Making games in Go: 3 months without LLMs vs. 3 days with LLMs

“Where are all the LLM-made games?”

  • Some argue that if a solo dev can build a game in 24h, LLMs should enable polished Steam-ready games in days, yet there’s no visible explosion of quality titles.
  • Others counter that ~50+ games already release on Steam daily; the bar for visibility and success, not raw output, is the real constraint.

What’s actually hard about making games

  • Strong theme: “code is not the bottleneck.” The hard parts are:
    • Fun and novel mechanics, balance, pacing, and content.
    • High-quality, coherent art, animation, sound, and UX.
    • Marketing, discoverability, risk, and post-launch support.
  • Counterview: for many non–game dev engineers, coding is a bottleneck; LLMs help them cross engine/graphics learning curves.

Impact of LLMs and Steam release stats

  • Some see 2024 Steam releases as noticeably above trend and attribute some of that to AI, especially cheap NSFW/shovelware.
  • Others say growth is modest vs pre-AI trajectory; if LLMs were truly 10× multipliers, releases would spike far more.

LLMs as coding assistants, not designers

  • LLMs excel at:
    • Refactoring or re-targeting existing code (e.g., cloning one card game backend to another).
    • Boilerplate, glue code, and exploring unfamiliar languages.
  • They struggle with:
    • Greenfield, ambiguous design.
    • Deep gameplay iteration and debugging without strong human guidance.
  • Comparison in the article is criticized as unfair: the “3‑day” version reused code and learnings from a 3‑month first attempt.

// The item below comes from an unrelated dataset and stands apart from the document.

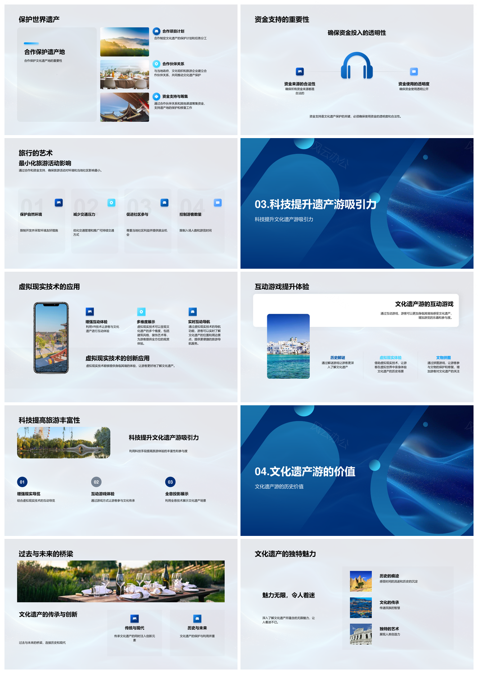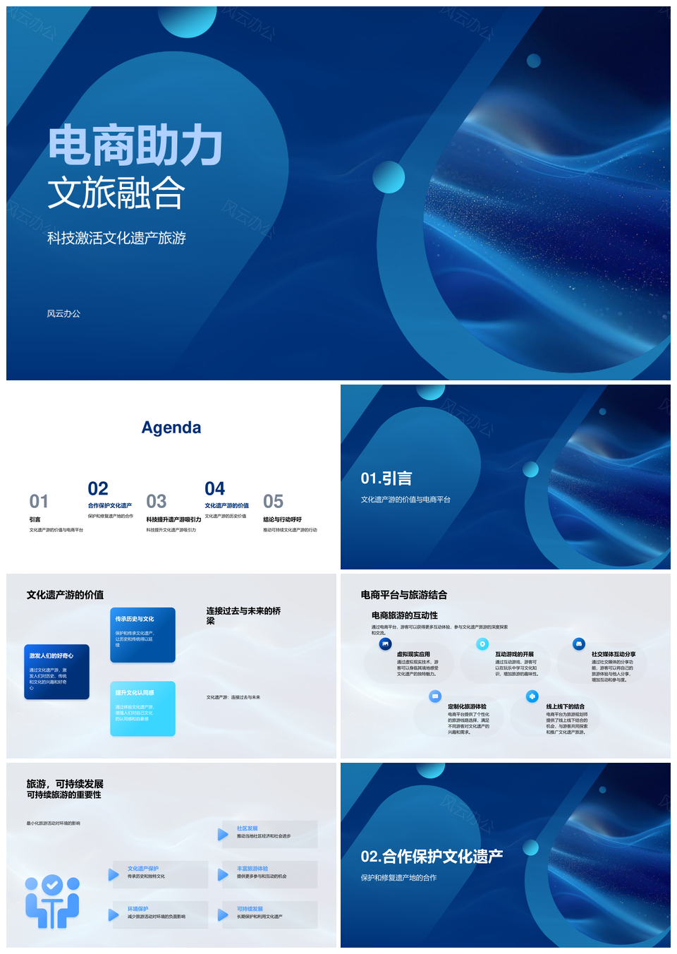 这是一张电商助力文旅融合VR互动护遗可持续游PPT模板,包含电商、助力、文旅、融合、VR、互动、护遗、可持续游等主题内容,也可用作电商助力文旅融合、文旅融合VR互动、VR互动护遗可持续游、电商助力文旅、助力文旅融合、文旅融合VR、融合VR互动、VR互动护遗、互动护遗可持续游、电商助力、助力文旅、文旅融合、融合VR、VR互动、护遗可持续游等PPT场景使用。 风云办公提供的电商助力文旅融合VR互动护遗可持续游PPT模板,下载格式为pptx,一共23页,作品中文字及图均可以修改和编辑,图片更改请在作品中右键图片并更换,文字修改请直接点击文字进行修改。

AI for assets and playtesting

  • Image models are widely seen as useful but inconsistent for reusable assets (e.g., sprite sheets, consistent characters, multiple poses).
  • Many consider current AI art “cheap” looking, but note that many low-budget games look bad anyway.
  • Prejudice and potential backlash against AI art still deter some devs.
  • Idea of AI playtesters sparks debate: some think data-driven models could help with balance and engagement; others doubt AI can judge “fun” or fear it will optimize for bland, hyper-engaging designs.

Go, WASM, and architecture

  • Several question using a Go “backend” compiled to WASM for a purely client-side card game, calling it overengineered versus plain JavaScript.
  • Discussion notes that static typing (Go, Rust) tends to work better with agentic LLM tools than dynamic languages, due to fast compile-time feedback.